Maar als Van Baarle helm en bril afzet, komt er een enigszins bescheiden, goedlachse 29-jarige jongeman met vlassige gezichtsbeharing tevoorschijn. Een pure liefhebber die voor zijn lol in de winter door heel Nederland fietst om vrienden te bezoeken. Een renner die fietsen zo leuk vindt, dat zijn ploeg de grootste moeite heeft om zijn trainingsarbeid binnen de perken te houden. Een wielerkind met een zus en beide ouders die gedrieën tientallen nationale titels op de baan verzamelden, al is er de laatste twintig jaar geen contact meer met vader Mario die af en toe heimelijk naar zijn zoon komt kijken.
Fietsfamilie
Moeder Renate zette alles opzij om zoon Dylan en dochter Ashlynn vanaf jonge leeftijd te kunnen laten fietsen.

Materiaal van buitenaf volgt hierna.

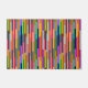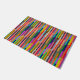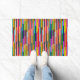 Este doormat tiene un diseño geométrico de franjas coloridas que corren verticalmente.

Ondanks regelmatige successen sinds 2009 toen Dylan in het Zeeuws-Vlaamse Axel zijn eerste juniorkoers won, kon hij tot 26 september vorig jaar nauwelijks geloven hoe goed hij werkelijk kan fietsen. Op die dag in Leuven werd hij tweede bij de WK op de weg. Het was de kentering in zijn wielercarrière.
Daarvoor zag Van Baarle zichzelf als een renner die in de grote ronden in de bergen én op het vlakke zijn kopman met succes bij kan staan. Een renner met een prima tijdrit in de benen en een die, als de ploeg hem vrij laat, ook een koers kan winnen.
Want Van Baarle heeft volgens ploegleiders die met hem sinds de jeugd hebben gewerkt een ondefinieerbaar talent: koersinstinct. Hij kan vrij nauwkeurig zijn eigen capaciteiten van het moment inschatten, dat koppelen aan het koersverloop en op grond daarvan besluiten er alleen vandoor te gaan. Zoals op 31 maart vorig jaar toen hij de semiklassieker Dwars door Vlaanderen won na een solo over kasseiwegen waarbij ruim 50 kilometer lang niets anders aan zijn lichaam bewoog dan beide benen.
Maar tweede worden in een van de belangrijkste en zwaarste wedstrijden van het jaar, het WK, zo’n prestatie hield Van Baarle niet voor mogelijk. Mensen om hem heen wel. Zoals de bondscoach van de Nederlandse renners, Koos Moerenhout. ‘Hij zei dat ik meer in mezelf moest geloven’, vertelde Van Baarle zondag met voor zich de Parijs-Roubaix-trofee, een knaap van een kassei op een sokkel. ‘Koos gaf me heel veel vertrouwen waardoor er een knop in mijn hoofd om ging: ik kan dit wel.’ In de landenwedstrijd zelf moest Mathieu van der Poel Van Baarle ervan overtuigen zich niet voor hem op te offeren, maar voor eigen kans te gaan.
De dag van z'n leven
Ook zondag durfde Van Baarle aanvankelijk niet te geloven dat 17 april 2022 het hoogtepunt van zijn carrière zou worden, hoewel iedereen, inclusief zijn zes ploeggenoten, kon zien dat hij de dag van zijn leven had. Hij kwam enkele keren makkelijk terug vooraan na opgehouden te zijn door een lekke band en valpartijen voor zijn neus.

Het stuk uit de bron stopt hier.